■ ACTIVITY: What is needed is a word-for-word copy of the lines below from the one with "Giovanni Semprini, La" through the one with "TÉCNICA QUIRÚRGICA Se", both included, with every picture left out.

■ DATA SHOWN:
━━━━━━━━━━

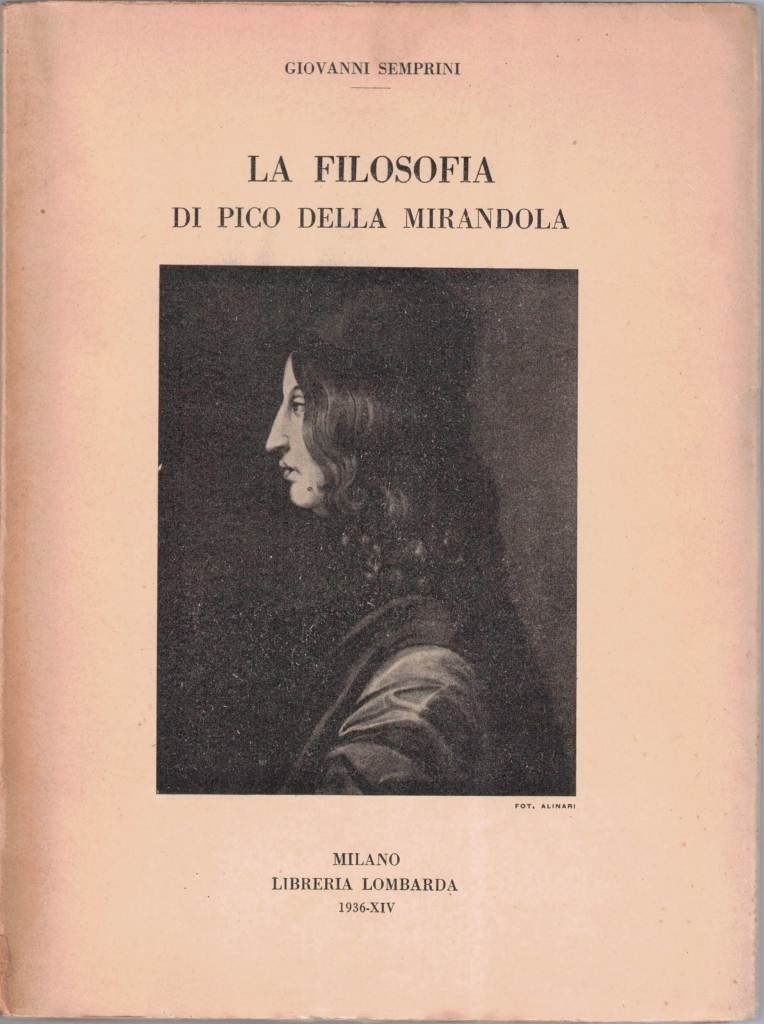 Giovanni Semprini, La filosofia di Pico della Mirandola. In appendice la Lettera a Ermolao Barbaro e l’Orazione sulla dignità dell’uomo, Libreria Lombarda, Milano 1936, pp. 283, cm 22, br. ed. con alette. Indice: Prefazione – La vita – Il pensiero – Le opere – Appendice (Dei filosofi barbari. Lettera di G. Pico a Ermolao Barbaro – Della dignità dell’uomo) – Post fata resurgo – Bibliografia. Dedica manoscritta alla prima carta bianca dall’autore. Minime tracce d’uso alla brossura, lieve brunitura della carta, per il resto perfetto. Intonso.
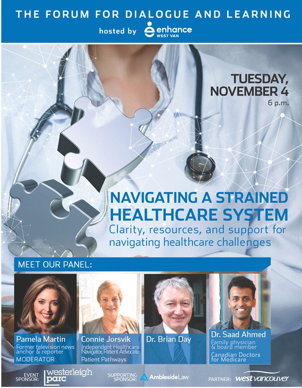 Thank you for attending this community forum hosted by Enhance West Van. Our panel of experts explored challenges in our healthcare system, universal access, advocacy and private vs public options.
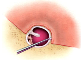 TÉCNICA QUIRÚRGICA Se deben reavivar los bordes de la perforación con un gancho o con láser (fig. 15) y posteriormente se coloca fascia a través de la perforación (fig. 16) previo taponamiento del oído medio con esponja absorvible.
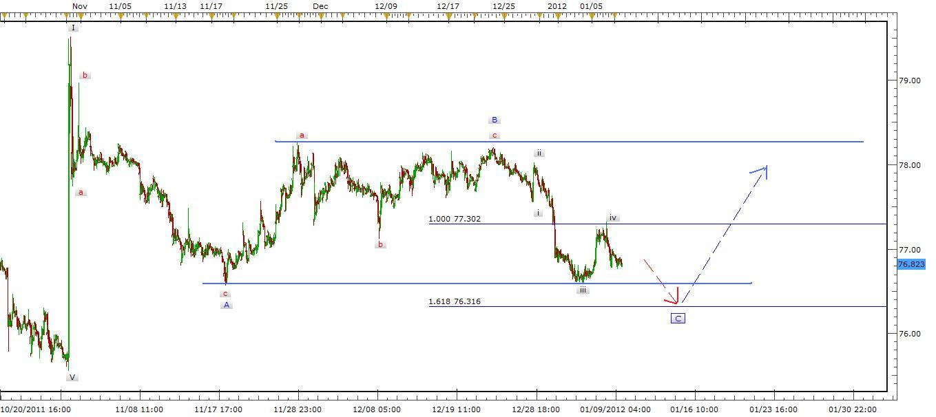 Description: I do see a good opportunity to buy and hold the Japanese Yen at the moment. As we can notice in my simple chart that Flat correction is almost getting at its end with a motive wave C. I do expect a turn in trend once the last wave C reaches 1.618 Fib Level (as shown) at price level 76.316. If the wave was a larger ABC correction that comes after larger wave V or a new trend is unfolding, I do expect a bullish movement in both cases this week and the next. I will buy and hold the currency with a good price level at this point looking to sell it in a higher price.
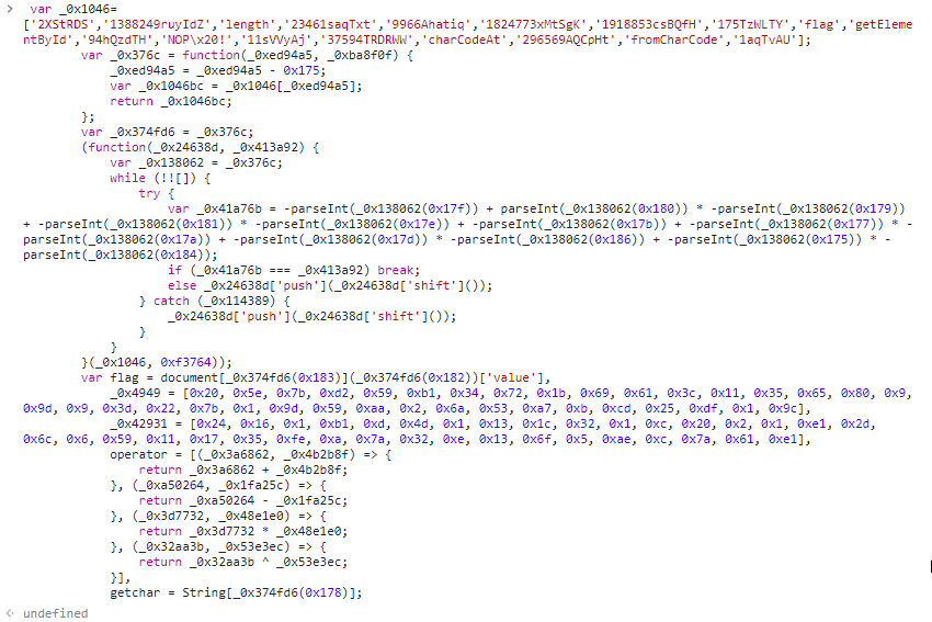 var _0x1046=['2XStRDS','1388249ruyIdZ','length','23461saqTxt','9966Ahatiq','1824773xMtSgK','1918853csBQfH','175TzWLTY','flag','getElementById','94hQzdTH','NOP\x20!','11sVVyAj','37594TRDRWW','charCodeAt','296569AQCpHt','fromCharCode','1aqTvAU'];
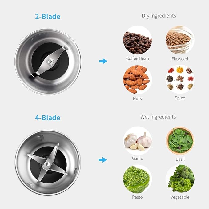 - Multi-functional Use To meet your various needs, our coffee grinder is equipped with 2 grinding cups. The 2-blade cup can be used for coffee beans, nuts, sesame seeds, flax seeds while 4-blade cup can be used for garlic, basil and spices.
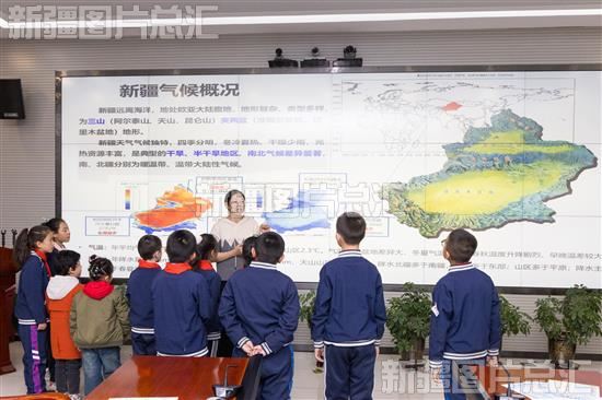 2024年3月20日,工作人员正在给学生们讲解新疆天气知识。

━━━━━━━━━━

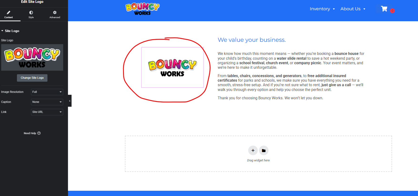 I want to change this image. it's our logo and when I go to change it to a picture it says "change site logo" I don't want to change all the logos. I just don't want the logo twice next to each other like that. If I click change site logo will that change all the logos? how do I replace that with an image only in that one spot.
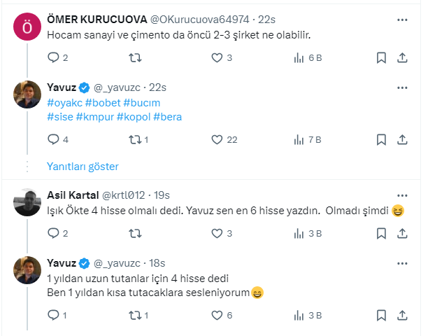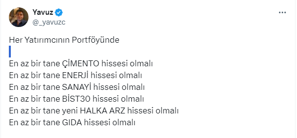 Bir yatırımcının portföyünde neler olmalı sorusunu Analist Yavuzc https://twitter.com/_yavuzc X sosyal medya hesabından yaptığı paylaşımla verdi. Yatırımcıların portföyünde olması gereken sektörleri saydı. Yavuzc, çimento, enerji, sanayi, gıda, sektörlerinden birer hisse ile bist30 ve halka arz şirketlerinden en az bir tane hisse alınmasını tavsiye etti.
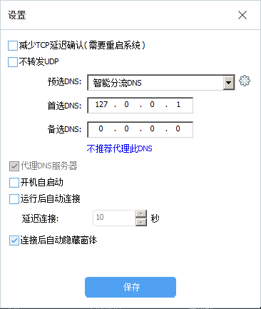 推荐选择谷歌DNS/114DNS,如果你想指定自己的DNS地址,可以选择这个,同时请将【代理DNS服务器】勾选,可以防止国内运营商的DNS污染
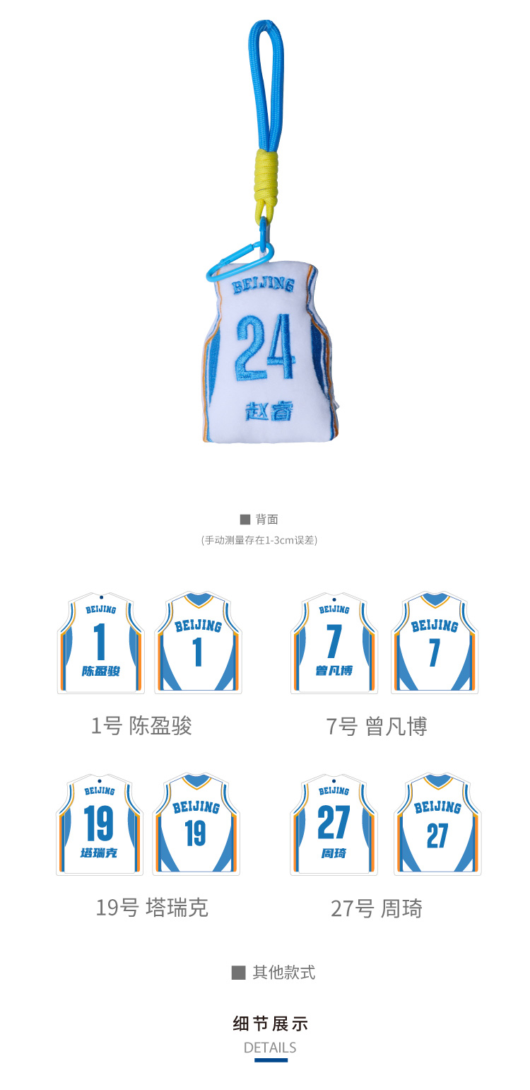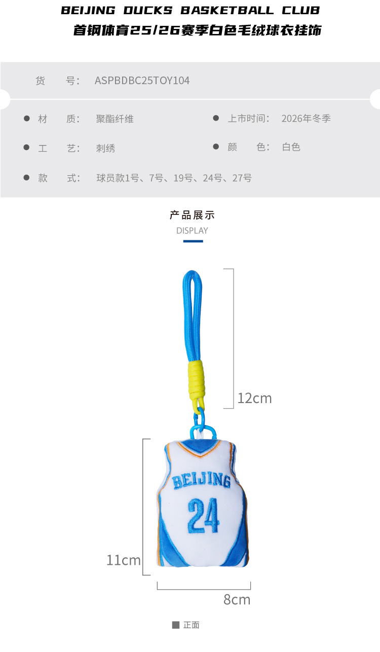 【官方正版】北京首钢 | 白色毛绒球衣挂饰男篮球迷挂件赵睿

━━━━━━━━━━

■ EXERCISE RESPONSE:
 Giovanni Semprini, La filosofia di Pico della Mirandola. In appendice la Lettera a Ermolao Barbaro e l’Orazione sulla dignità dell’uomo, Libreria Lombarda, Milano 1936, pp. 283, cm 22, br. ed. con alette. Indice: Prefazione – La vita – Il pensiero – Le opere – Appendice (Dei filosofi barbari. Lettera di G. Pico a Ermolao Barbaro – Della dignità dell’uomo) – Post fata resurgo – Bibliografia. Dedica manoscritta alla prima carta bianca dall’autore. Minime tracce d’uso alla brossura, lieve brunitura della carta, per il resto perfetto. Intonso.
 Thank you for attending this community forum hosted by Enhance West Van. Our panel of experts explored challenges in our healthcare system, universal access, advocacy and private vs public options.
 TÉCNICA QUIRÚRGICA Se deben reavivar los bordes de la perforación con un gancho o con láser (fig. 15) y posteriormente se coloca fascia a través de la perforación (fig. 16) previo taponamiento del oído medio con esponja absorvible.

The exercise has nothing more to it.